> **Task to complete**:
Copy exactly, and copy nothing else: the line that contains "These beautiful earrings" and all lines after it in the listing, without pictures.

> **Material provided**:
------------------------------------
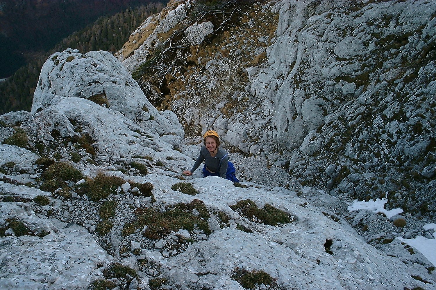 Achtung: Die Klettertour wurde bis zur 150 m hohen Schlusswand mit dem Eisenerzer Klettersteig überbaut und ist nicht mehr begehbar. Die Fotos und die Beschreibung haben daher bereits historischen Charakter. Schade um eine der besten Hochschwab 3er!
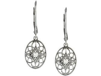 These beautiful earrings are crafted in sterlilng silver with sparkling genuine diamonds. They are have lever backs so that the earrings dangle from the setting and are fabulous for every day! Black gift box included.
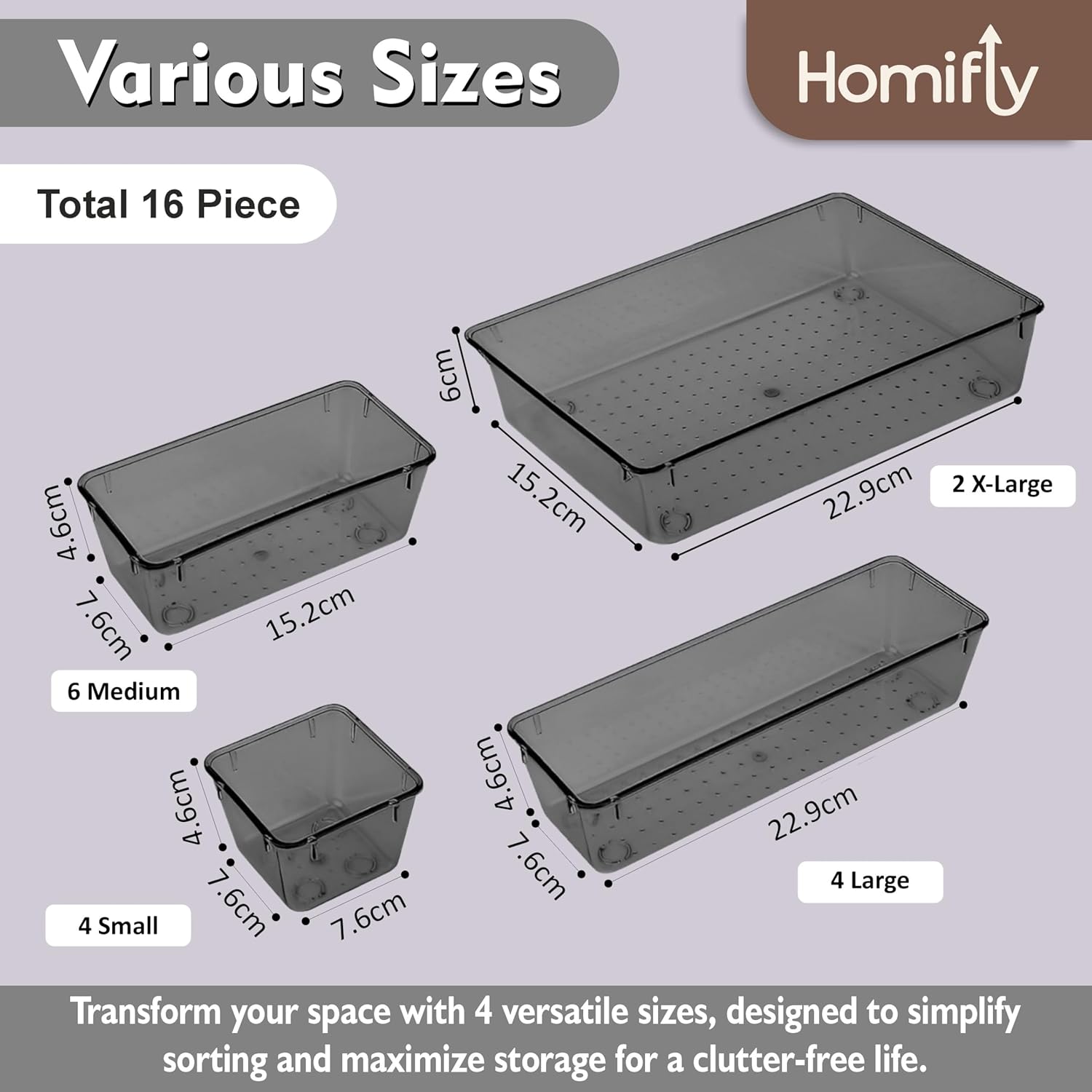 𝐒𝐞𝐭 𝐨𝐟 𝟏𝟔 𝐟𝐨𝐫 𝐁𝐞𝐭𝐭𝐞𝐫 𝐎𝐫𝐠𝐚𝐧𝐢𝐳𝐚𝐭𝐢𝐨𝐧: Revolutionize your storage with 16 expertly crafted Drawers Tray in practical sizes: 3 x 6 x 2 inches (6 pcs), 9 x 6 x 2 inches (2 pcs), 3 x 3 x 2 inches (4 pcs), and 3 x 9 x 2 inches (4 pcs). Designed for ultimate flexibility, these organizers can be mixed and matched to create a fully customized drawer organization system that adapts to your unique needs.
------------------------------------
> **Solution below**:
 These beautiful earrings are crafted in sterlilng silver with sparkling genuine diamonds. They are have lever backs so that the earrings dangle from the setting and are fabulous for every day! Black gift box included.
 𝐒𝐞𝐭 𝐨𝐟 𝟏𝟔 𝐟𝐨𝐫 𝐁𝐞𝐭𝐭𝐞𝐫 𝐎𝐫𝐠𝐚𝐧𝐢𝐳𝐚𝐭𝐢𝐨𝐧: Revolutionize your storage with 16 expertly crafted Drawers Tray in practical sizes: 3 x 6 x 2 inches (6 pcs), 9 x 6 x 2 inches (2 pcs), 3 x 3 x 2 inches (4 pcs), and 3 x 9 x 2 inches (4 pcs). Designed for ultimate flexibility, these organizers can be mixed and matched to create a fully customized drawer organization system that adapts to your unique needs.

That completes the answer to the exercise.